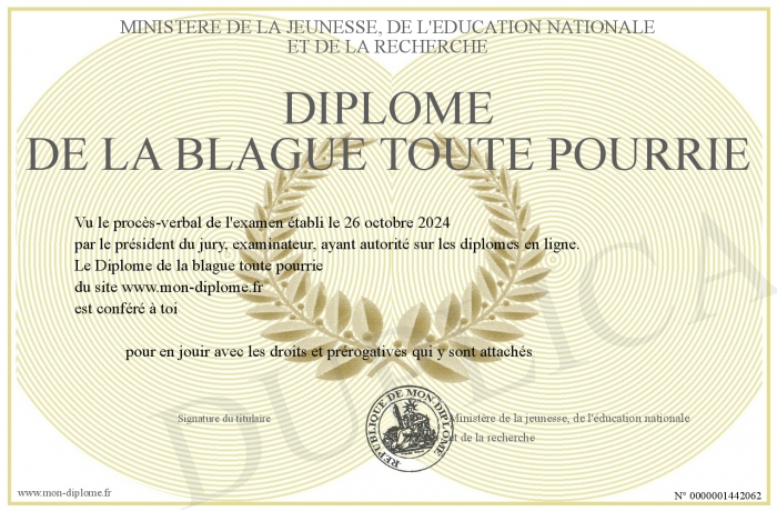 Envoyez par email votre Diplôme de la blague toute pourrie personalisé
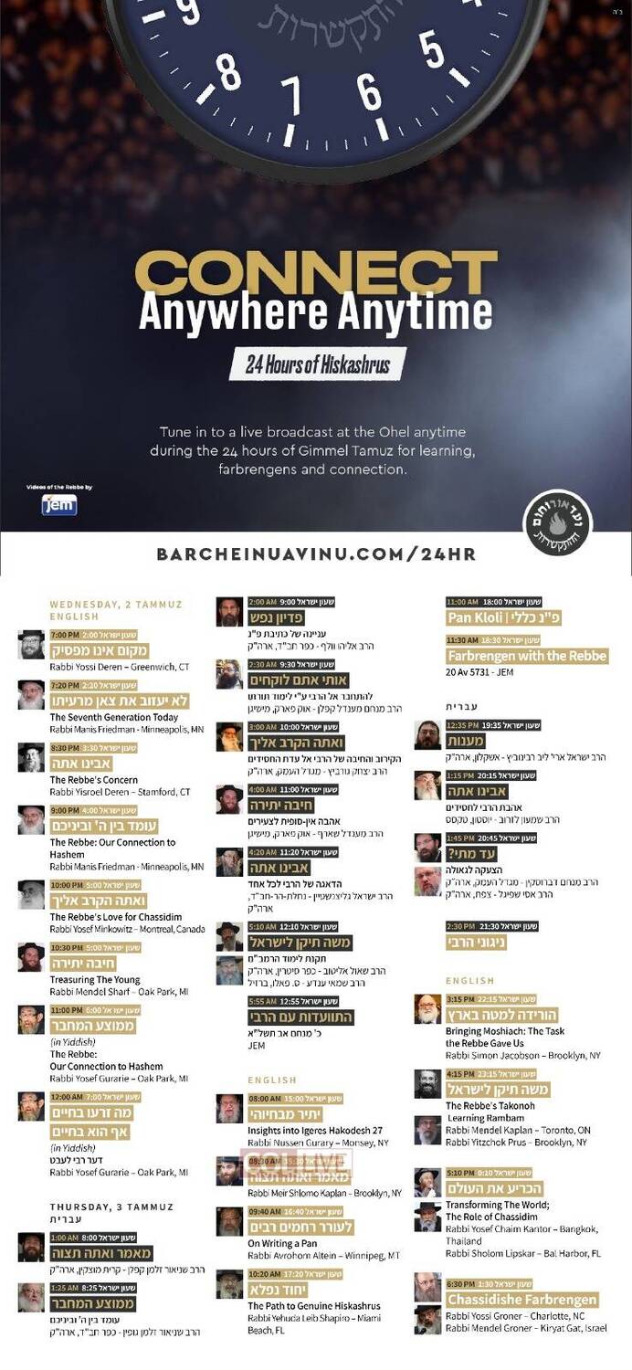 Tune in anytime during the day of Gimmel Tammuz, for a dose of chizuk, inspiration and learning.
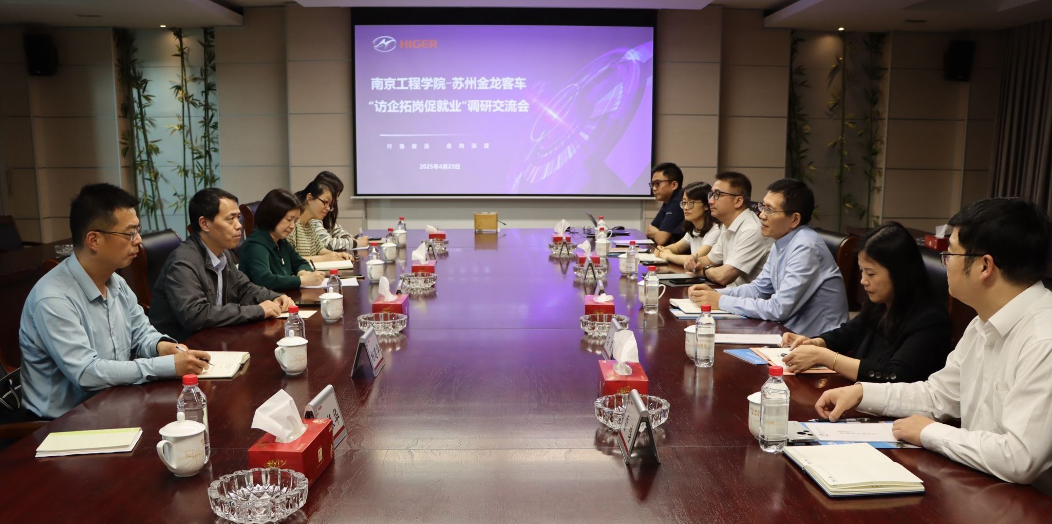 座谈会上,苏州金龙人力资源总监秦志飞详细介绍了企业发展历程、产业布局及人才需求,指出随着海外市场拓展,公司急需“技术+外语”复合型人才。赵振东重点介绍了学院学科建设、人才培养以及新能源技术研发成果等情况,希望与企业共建产学研平台,联合开展技术攻关。张相琼针对新能源智能汽车产业国际化发展需求,与企业就“外语赋能技术出海”人才培养路径进行了探讨。双方围绕订单式培养、联合技术攻关、校企课程共建、就业基地建设等方面达成初步合作意向。
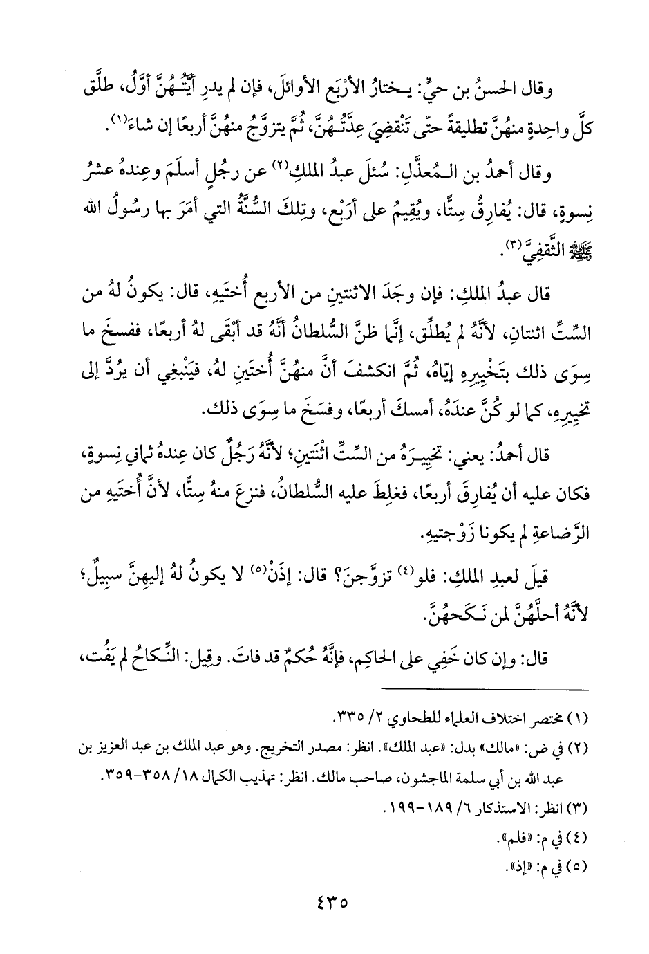 وقال أحمدُ بن المُعذَّلِ: سُئلَ عبدُ الملكِ (¬٢) عن رجُلٍ أسلَمَ وعِندهُ عشرُ نِسوةٍ، قال: يُفارِقُ سِتًّا، ويُقِيمُ على أرَبْع، وتِلكَ السُّنَّة التي أمَرَ بها رسُولُ الله - صلى الله عليه وسلم - الثَّقفِيَّ (¬٣).
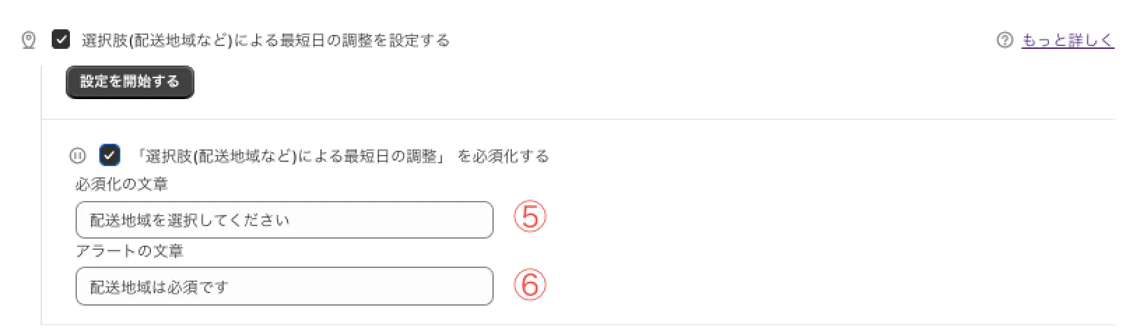 配送日時の必須化を選択することで、購入ボタンを押す前に配送日時の指定を必須にします。
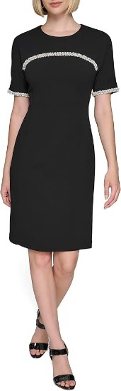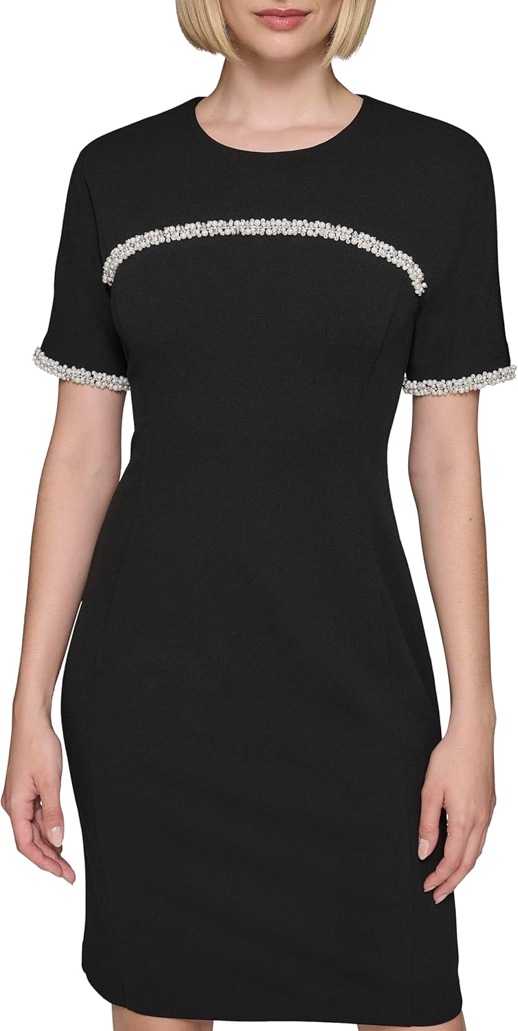 KARL LAGERFELD Women's Pearl Trim Short Sleeve Round Neck Sheath Dress
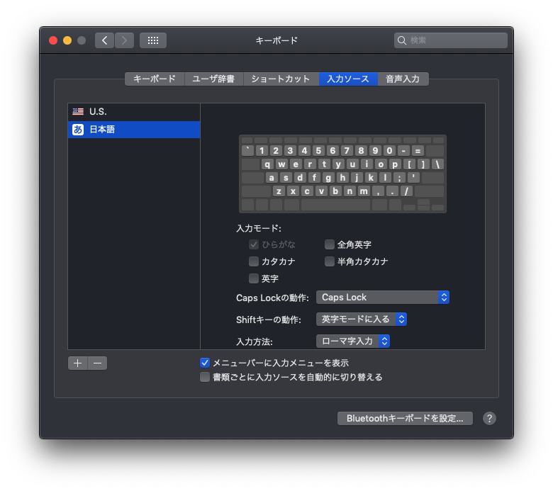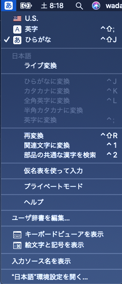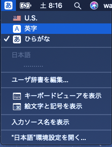 ショートカットキーを押すと画面中央に入力ソースのメニューが表示され、「ひらがな」を選択します。
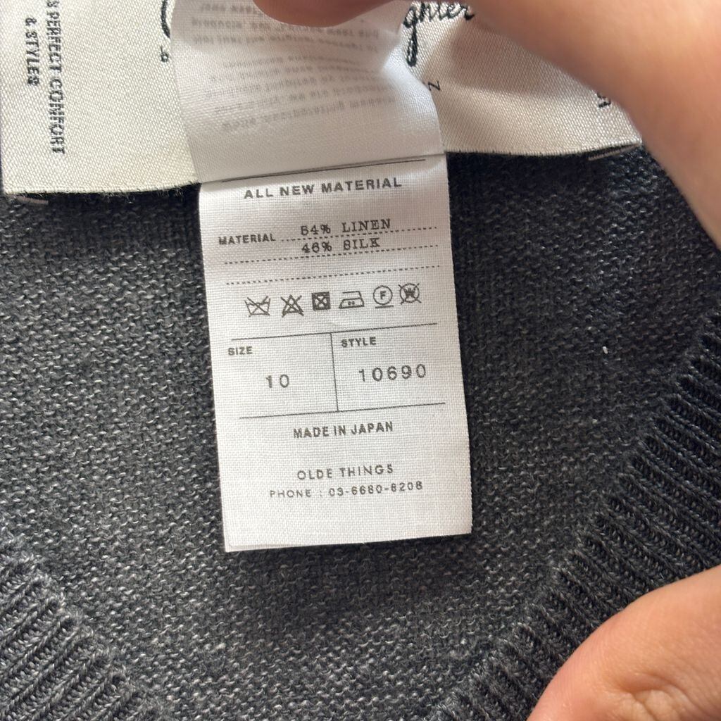 Olde H & Daughter オールドエイチアンドドーター LINEN/SILK PLAIN STITCH V-NECK Vネックニット 10690 グレー size:10【中目黒B04】
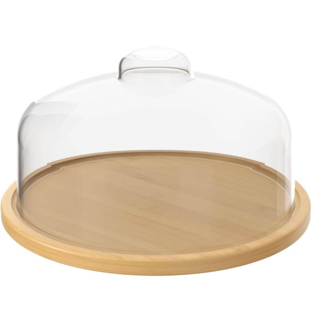 Kit Com 2 Porta Bolo De Bambu Com Tampa Plástica 26,5x21,5cm Prato Para Bolo Boleira Pedestal E Cúpula Coza Brisa
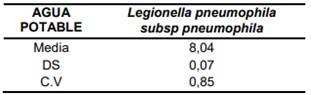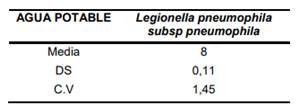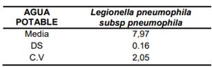 En el análisis inicial de agua potable no se detectó la presencia de Legionella spp. Por lo tanto, se utilizó una concentración conocida de la cepa de Legionella pneumophila subsp. pneumophila como inóculo de los ensayos posteriores.
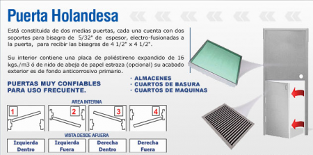 Está constituida de dos medias puertas cada una cuenta con dos soportes para bisagra de 5/32″ de espesor, electro-fusionadas a la puerta, para recibir las bisagras de 4 1/2″ x 4 1/2″
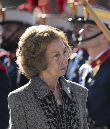 La reine Sofia lors de l'acte de serment devant le drapeau à la caserne "El Rey" de la Garde royale à Madrid, le 26 janvier 2024. Queen Sofia attends the Flag ceremony at the Cuartel del Rey. El Pardo, Madrid. January 26th, 2024.
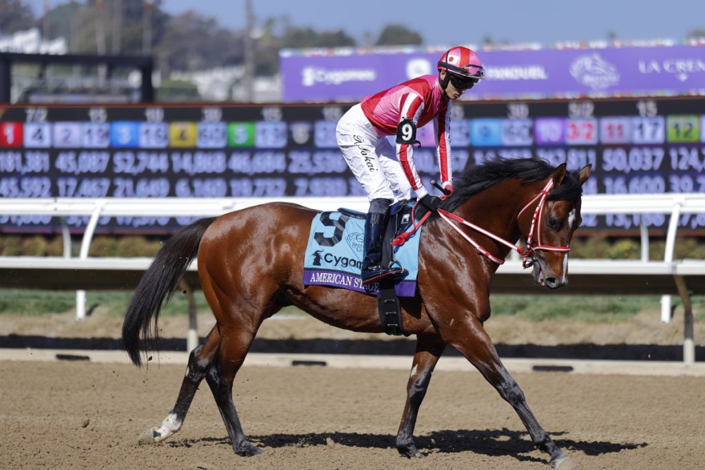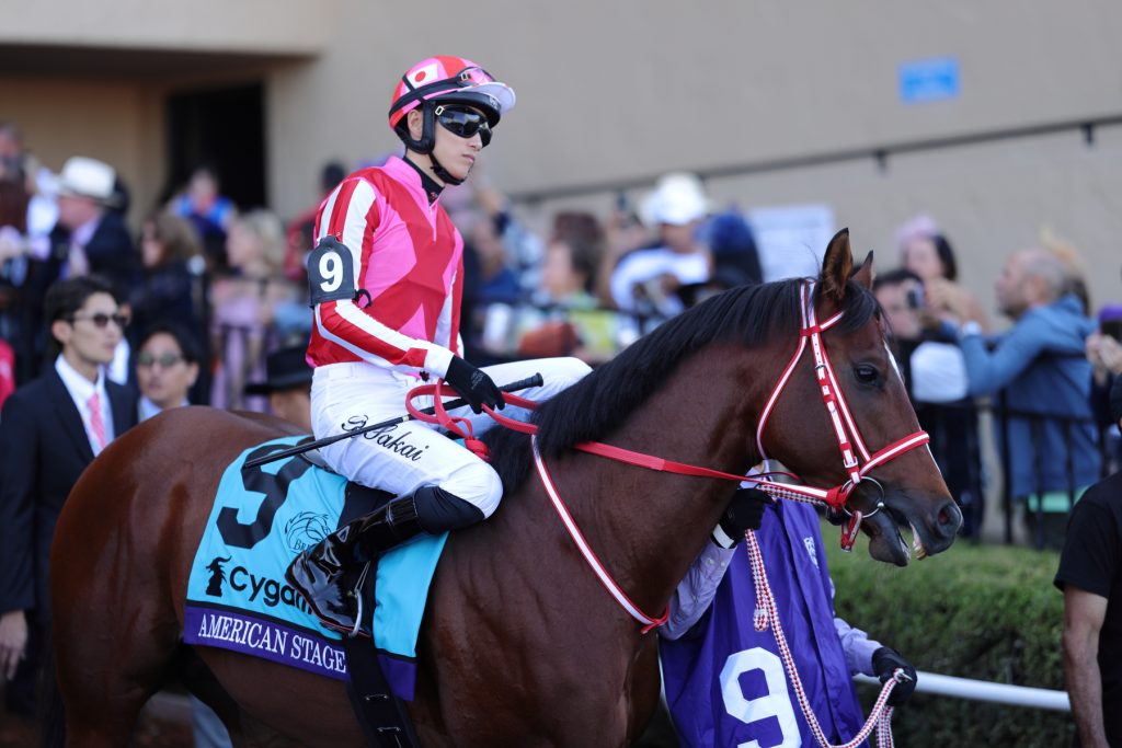 BCスプリントの本馬場入場のアメリカンステージAmerican Stageです。鞍上は坂井瑠星Ryusei Sakai騎手です。
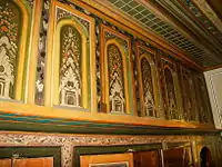 Вся північна стіна вітальні складається з вбудованих шаф, які розмальовані орнаментами в стилі бароко. Стеля вітальні виконана із дерева. На ній зображено сонце з дванадцятьма гострими прямокутниками, що символічно зображують число місяців року.[1]
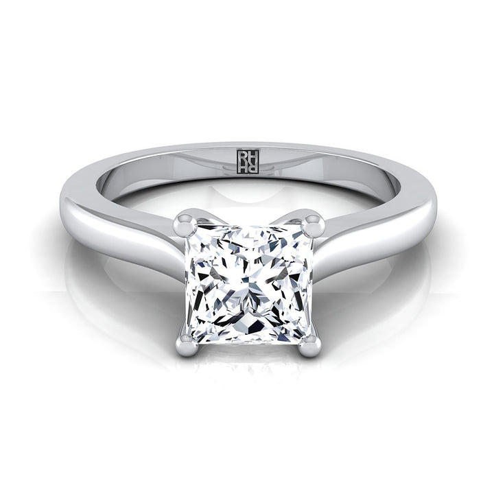 A Classic Statement Of Style, This Princess Cut Solitaire Engagement Ring Showcases A Rounded Shank And 4 Prong Center Setting In Platinum
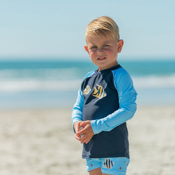 Embark on a tropical journey with our vibrant Angel Fish collection for boys. Set against a tranquil powder blue backdrop, the lively Angel Fish, marked by striking black stripes and sun-kissed yellow bodies, takes center stage. Whether your young explorer is navigating nature's enchanting rock pools or snorkeling amidst the corals of the tropics, this collection ensures they're dressed to impress and ready for the adventure. A captivating blend of color and charm, it's the perfect attire for every young adventurer.
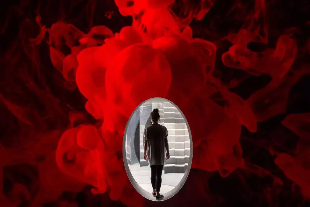 镜中迷宫(Mirror Maze)由4个屋子组成,前三个屋子通过使用来自于伦敦、巴黎、里约、洛杉矶街道的4片video projects和声音设计(来自于她孩子的手机和街道传来的声音)来探索记忆力中由于香气而出发的记忆。最后一个房间被红色灯光照亮。从中间的入口进入,即被红色包围,游客豁然进入全新的空间,带来的冲击力和神秘感十足。

--*--

Every line above between the one containing "Tune in anytime" and the one containing "座谈会上,苏州金龙人力资源总", those two included, is to be printed exactly. No pictures go into the copy.

 Tune in anytime during the day of Gimmel Tammuz, for a dose of chizuk, inspiration and learning.
 座谈会上,苏州金龙人力资源总监秦志飞详细介绍了企业发展历程、产业布局及人才需求,指出随着海外市场拓展,公司急需“技术+外语”复合型人才。赵振东重点介绍了学院学科建设、人才培养以及新能源技术研发成果等情况,希望与企业共建产学研平台,联合开展技术攻关。张相琼针对新能源智能汽车产业国际化发展需求,与企业就“外语赋能技术出海”人才培养路径进行了探讨。双方围绕订单式培养、联合技术攻关、校企课程共建、就业基地建设等方面达成初步合作意向。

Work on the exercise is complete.